Compassion vs. Codependency

2013-07-08 Faith on the Couch

The adversarial tone religion vs. atheism comparison is a detriment in this Patheos blog post, and I’m not convinced that “co-dependency” is the right term, but there’s still an insight here worth sharing:

Compassion is intentional and, sometimes, it is hard.  Co-dependency is simply an unsophisticated, primal urge that employs pity as a means of self-preservation.

At a minimum, it’s another perspective on an argument that often separates heartless conservatives from bleeding-heart liberals.

3 thoughts on “Compassion vs. Codependency”

  1. So, the study cited by the article you cited is frequently misquoted and misinterpreted, and the author at patheos seems to have done so, too.

    The study did not find that irreligious people gave more money, nor that they were more compassionate. Irreligious people have been using this study to say that. Every survey done ever has proven that religious people donate far more of their money than the non-religious to the point of embarrassment (at least every study I’ve seen). What this does prove is that when irreligious people give to charity it is almost exclusively due to emotional considerations, whereas when religious people give to charity it is more likely due to moral and doctrinal considerations. It identified different motivating factors, not different levels. Considering that atheists do objectively donate way less than religious people, if anything the study suggests that atheists don’t feel compassion very often.
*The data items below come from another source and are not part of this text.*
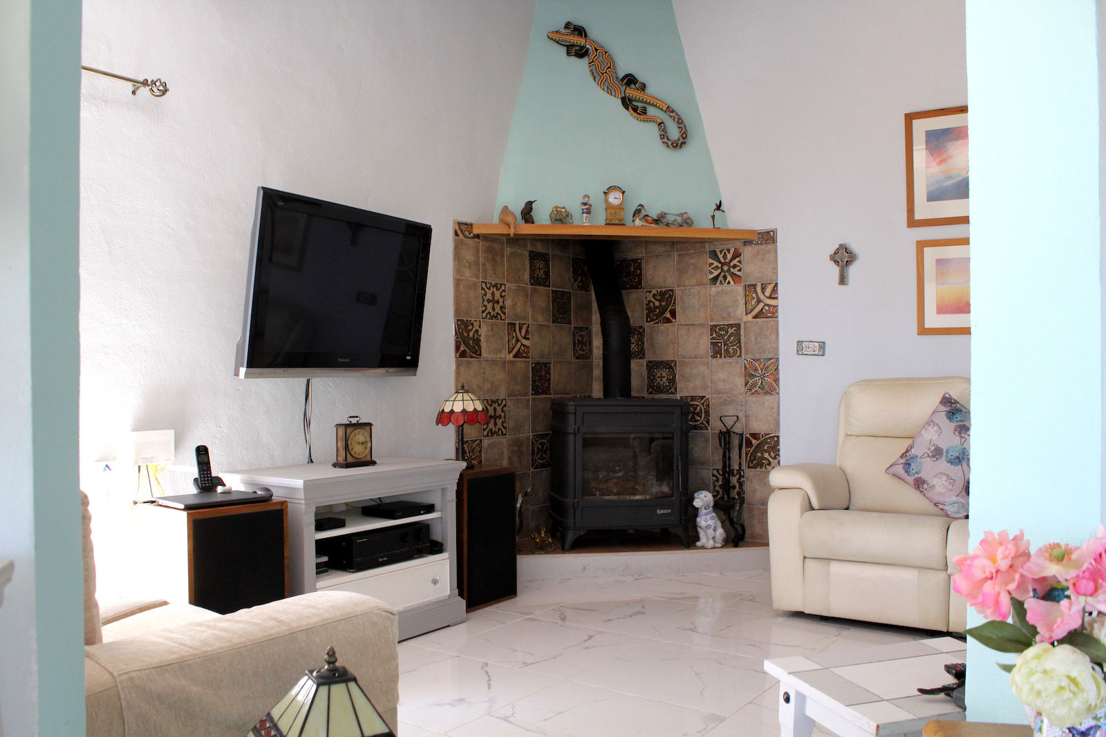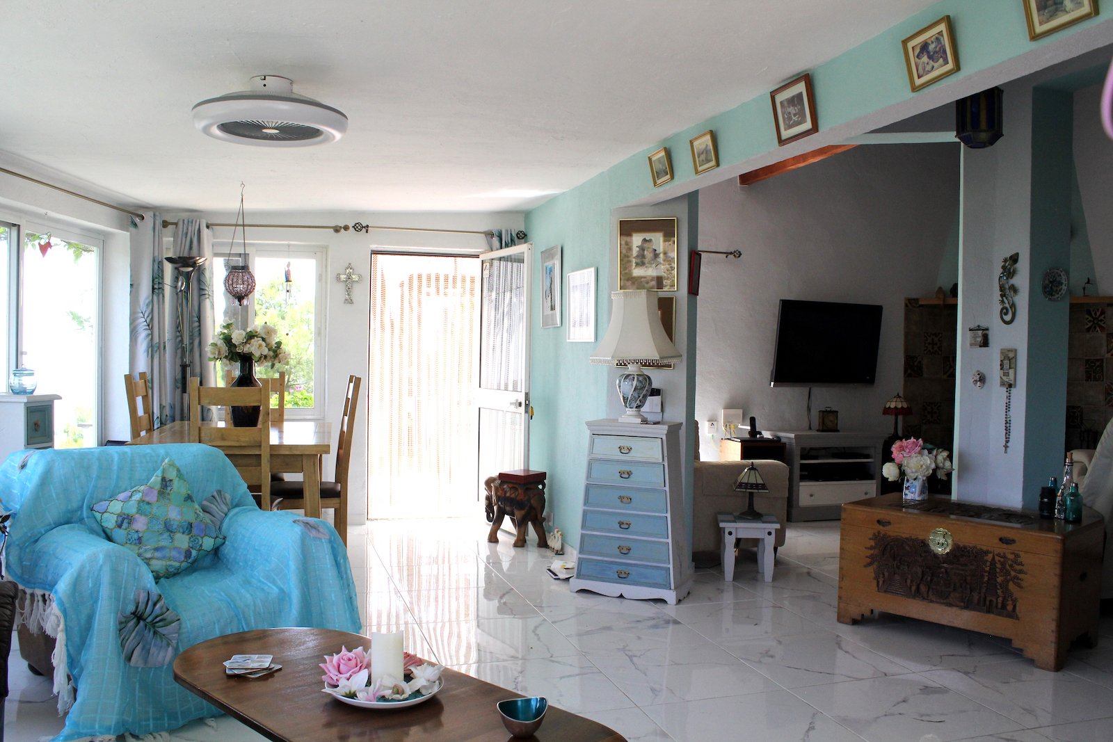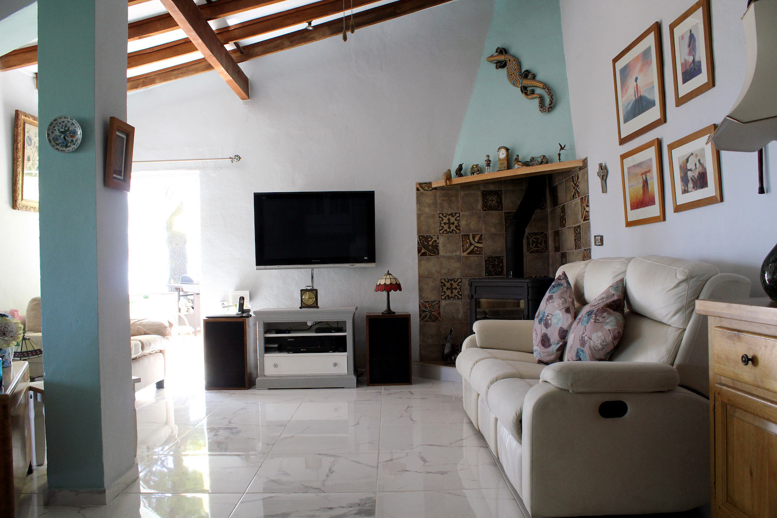The villa has a private driveway, gate and parking with garage and a storage/laundry room. A path leads through the flowerbeds and garden to the entrance of the house through a hand-crafted wooden door that opens into the spacious living, dining, and kitchen area. This lovely room benefits from huge double-glazed glass windows that allow the stunning and beautiful sea and mountain views to come directly into the living room which can be enjoyed all the year round.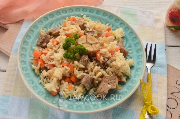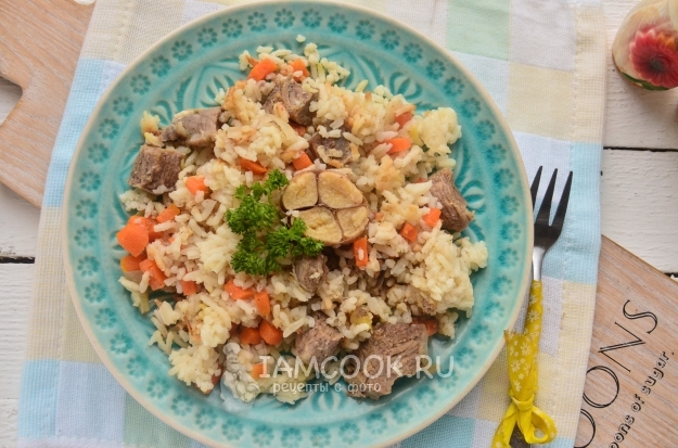Закройте крышку мультиварки и установите режим "Плов" на 1 час. После звукового сигнала мультиварки рассыпчатый плов с бараниной готов и его можно подавать.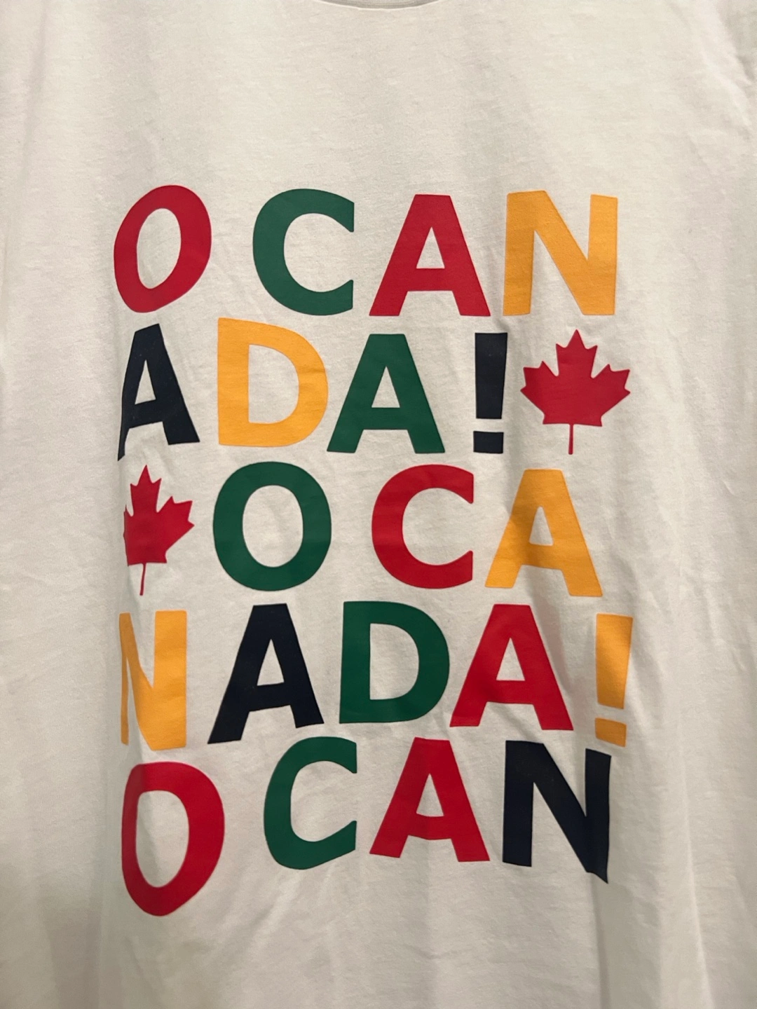 Features a graphic design spelling out "O Canada" in repeating colourful letters.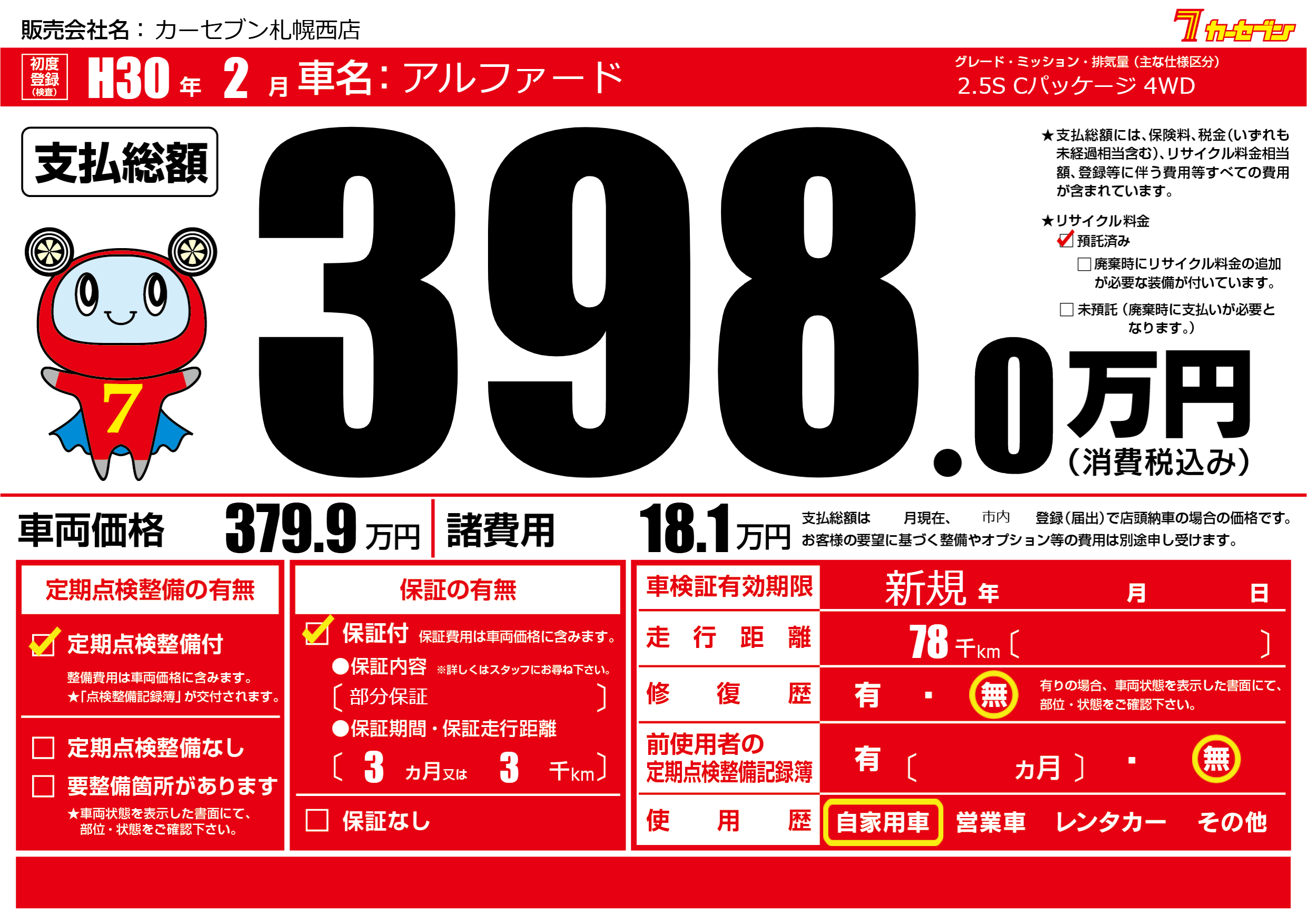 | 走行キロ | 7.8万km | 初年度登録 | H30年2月 |

    Which, by the way, I don’t really care about who’s holier than who, I just dislike the lack of critical thought in the interpretation, and I dislike seeing how even a year later it is impacting the noosphere. That’s all from me.

  2. And to piggyback on Reece’s comment, anyone interested in religious vs. non-religious charitable givings should consult the following:

    Arthur C. Brooks, ‘Who Really Cares?’ (Basic Books, 2006).

    Robert Putnam, David Campbell, ‘American Grace’ (Simon & Schuster, 2010).